Lead migration can occur during a SCS trial and after many years after implantation. In terms of lead migration during SCS trial, risk factors and proper techniques must be identified.13 In regards to after SCS implantation, West et al. performed a meta-analysis to report the rates of lead migration. The authors found the incidence in patients was about one in ten patients. Clinicians need to be aware of the possibility of lead migration to educate patients on symptoms and when to be evaluated.14

c. How can one evaluate contact impedance levels?

In terms of SCS, contact impedance is defined as the device’s resistors making an opposing force to the current traveling through the electrodes. Impedance will increase with higher amounts of voltage.15 In addition, impedance can provide information on the structural integrity of the SCS device. For example, if impedance is high in an electrode contact, it could represent a lead fracture. This is especially relevant in MRI-conditional devices that function with normal lead impedances. If impedances are abnormal, this may affect MRI conditionality. Therefore, it is important to evaluate impedances to determine device functionality.16

d. How does one create bipoles or guarding programs for tonic stimulation in SCS devices? 

In an SCS lead, electrodes are either configured as cathodes or anodes, and electricity flows from the anode to the cathode so that usually programming is started in fibers close to the cathode to obtain the largest depolarization.17 The electrical field can be shaped by selecting an appropriate configuration of anodes and cathodes.
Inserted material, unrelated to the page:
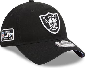 Intercept cancer with the 2023 NFL Crucial Catch Collection from New Era. In the spirit of various cancer ribbon colors, this 9TWENTY Adjustable Hat features an embroidered Las Vegas Raiders logo at the front panels and a patterned undervisor. It also consists of the league's Crucial Catch logo at the right-wear side on a woven label and an adjustable closure at the rear. The NFL does not profit from the sale of Crucial Catch products. Charitable contributions are awarded by the NFL Foundation to the American Cancer Society. For more information, please visit www.NFL.com/CrucialCatch.

Some of the most used configurations include bipoles (adjacent/simple) and guarded cathode. In adjacent bipole, the cathode and the anode are close together, with between electrode spacing <4mm, to stimulate preferentially deeper dorsal column fibers which can be useful in cases of stimulation for low back pain with radiculopathy.18 Conversely, in a simple dipole configuration, there is a wider space between electrodes (>4mm), which allows to create a stimulation field that is elongated and shallow within the dorsal columns. This type of configuration can be useful in case the goal is to stimulate an entire extremity for example. Ultimately, in a guarded cathode the cathode is between two anodes, and such a configuration is thought to produce maximal recruitment of dorsal columns, which can be used to cover the low back and one-leg radiculopathy.17,18

e. What is the relationship between frequency and paresthesia?
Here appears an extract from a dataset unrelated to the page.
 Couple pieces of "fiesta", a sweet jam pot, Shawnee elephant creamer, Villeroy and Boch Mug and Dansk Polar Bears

Frequency in spinal cord stimulators can be adjusted so paresthesias are not detectable.10 The frequency parameter modulates both the intensity and perception of the stimulation. Tonic stimulation is hypothesized to induce paresthesias via dorsal column activation. Sub-paresthesia stimulation is subthreshold for dorsal column fibers activation, but the underlying mechanism is unclear. With tonic programming, patients perceive discrete pulses at low frequencies, and these pulses coalesce into a smooth tingling sensation as the frequency approaches 100 Hz. With paresthesia-free settings, the onset of analgesia typically exhibits a delayed response, consistent with a “wash in” effect.19 As frequency increases in the tonic range, paresthesias are perceived more intensely, which may enhance analgesia in the covered area. However, patients may trade off slightly more pain for slightly less paresthesias, as the tingling sensation can cause discomfort such as during sleep or machinery operation.10,19

f. When and why would a clinician change pulse width?

If current stimulator settings are not providing adequate pain relief, changing the duration of each electrical impulse, or pulse width can significantly alter how the nerves respond to stimulation. Instances in which one should consider changing pulse width are if there is inadequate pain relief, adverse effects of discomfort, battery life conservation, and tolerance development.10 

g. How can clinicians or patients better understand when to change batteries and/or leads?
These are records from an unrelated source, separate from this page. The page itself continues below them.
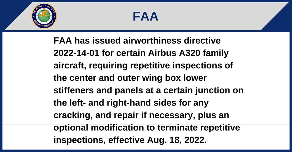 FAA has issued airworthiness directive 2022-14-01 for certain Airbus A320 family aircraft, requiring repetitive inspections of the center and outer wing box lower stiffeners and panels at a certain junction on the left- and right-hand sides for any cracking, and repair if necessary, plus an optional modification to terminate repetitive inspections, effective Aug. 18, 2022.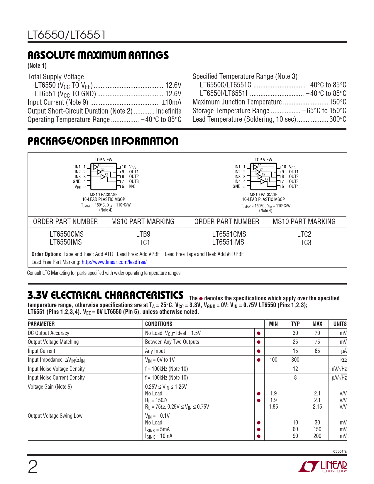 Datasheet LT6550, LT6551 (Analog Devices) - 2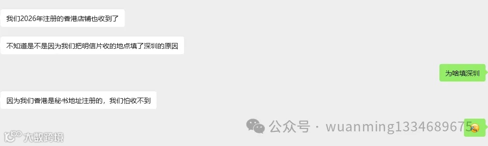 实例表明:2020年注册的香港店铺、2021年注册的美国店铺及2026年新设且明信片地址填深圳的香港主体,均收到系统误送通知。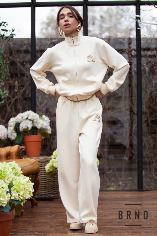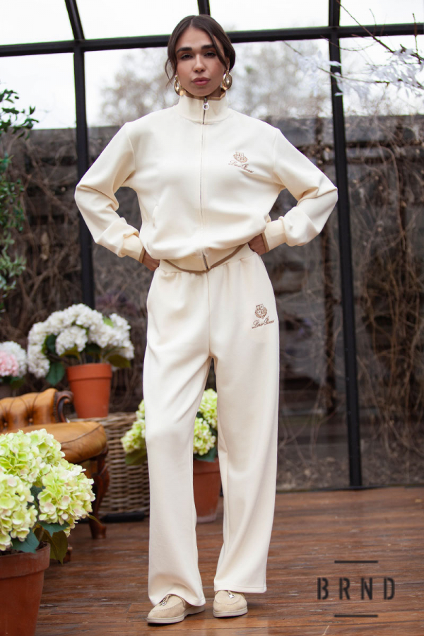 Костюм: кофта прямого крою, з кишенями на блискавці, комір-стійка; штани прямого крою, пасок-гумова стрічка, посадка висока (Loro Piana)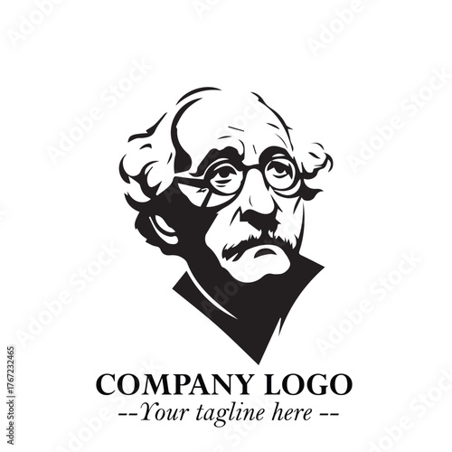 Intelligent Head of Professor Logo Symbol in Black on White Background with Modern Minimalist Design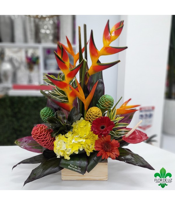 Arreglo exótico elaborado en maracoas, heliconias, hortensia, helecho cuero, hoja de carey, gerberas, grimbol, anturio,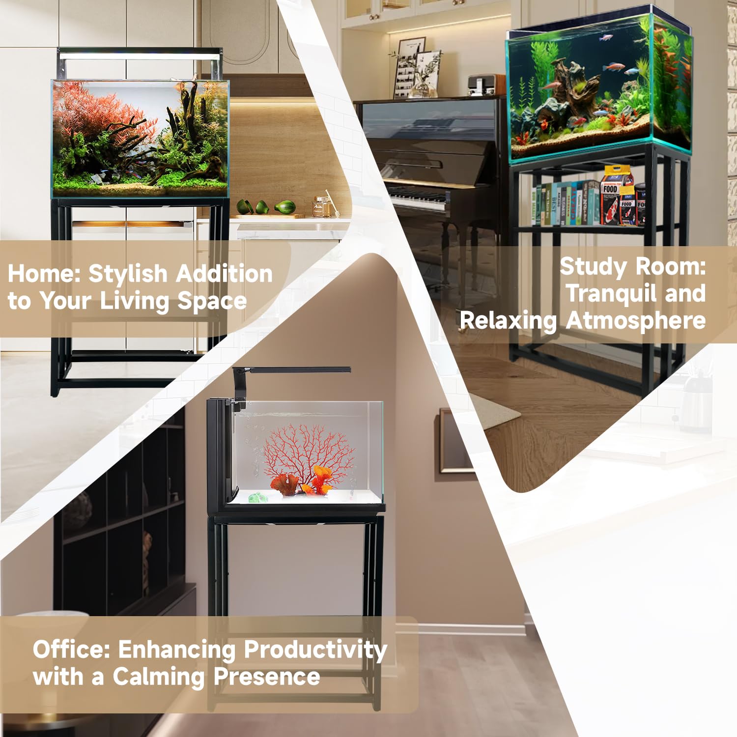 - Space-Saving Aquarium Stand: The aquarium stand features a two-in-one space design, serving as both a display for your aquarium and a space-saving solution. With sleek black steel legs and a powder-coated finish, it adds a touch of modern elegance to your decor, effortlessly complementing your existing furniture.

The decision to change the battery most often depends on battery life. Rechargeable batteries can last for around ten years and non-rechargeable batteries may last around five years.20 Factors that influence battery life are stimulation settings and type of device. Signs of low battery often include indicator signals like an alert sound but can also present as a decrease in pain relief, inconsistent stimulations, or other alerts on the device’s control unit. Leads themselves may need to be replaced when they shift or become damaged leading to a change in stimulation.16

h. Why are more contacts advantageous in neuromodulation?

It has been shown by several theoretical models that SCS electrodes are primarily stimulating large dorsal root fibers as they enter the spinal cord, despite the dorsal column neurons being spatially closer to the contacts. It is important to differentiate the two contingents of fibers since the dorsal root usually holds fibers coming from one dermatome, while the dorsal columns hold fibers from multiple dermatomes.21 The highest preferential stimulation of dorsal root fibers is obtained by monopolar stimulation through a large cathode, while the dorsal column fibers are recruited preferentially with small contacts/contact spacing. Several authors have supported this evidence, with small contact spacing resulting in the largest paresthesia coverage due to the higher recruitment of dorsal column fibers.22

i. What are the advantages of newer SCS systems in patients’ treatment?

The most relevant innovations in SCS systems in the last two decades can be grouped in lead(s) design, stimulation waveforms, and the advent of closed-loop technology.

Regarding leads design, while the initial hardware was inherited from cardiac pacemakers with inevitable complications linked to large electrode spacing, and rigid material with the potential for dural breaching, the field has moved towards increasing the number of contacts on a single lead wire (from one to four around the 1980s) until the more recent paddle electrodes with up to 16 contacts on the epidural side. This is a field with active ongoing research on novel polymers and electrodes coatings that minimize chronic inflammation in the host.23 

The need for novel stimulation paradigms stems from the results of several randomized trials which confirmed the benefit of SCS, but also demonstrated that about half of the patients only had about 50% pain relief, and even the efficacy of pain relief could wane or be lost over time. This observation led to the development of stimulation paradigms that were different from the traditional tonic SCS which entails continuous stimulation at 40 to 100Hz. The high frequency stimulation, initially deployed at 10kHz with 30μs pulses with active recharge, and no paresthesia, has shown encouraging results in patients with refractory pain which were non-responders to tonic stimulation otherwise. Another paresthesia-free waveform is burst stimulation, which in its most common form uses a constant current stimulation at 500Hz with 1ms pulse width for periods of 10ms, whose starts are spaced 25ms apart. Several randomized placebo-controlled trials have shown burst stimulation is noninferior to tonic stimulation and may be better for certain aspects of pain.24 Multiple recent devices are now also capable of cycling or overlaying different waveforms including combinations of paresthesia-causing waveforms and non-paresthesia causing waveforms. 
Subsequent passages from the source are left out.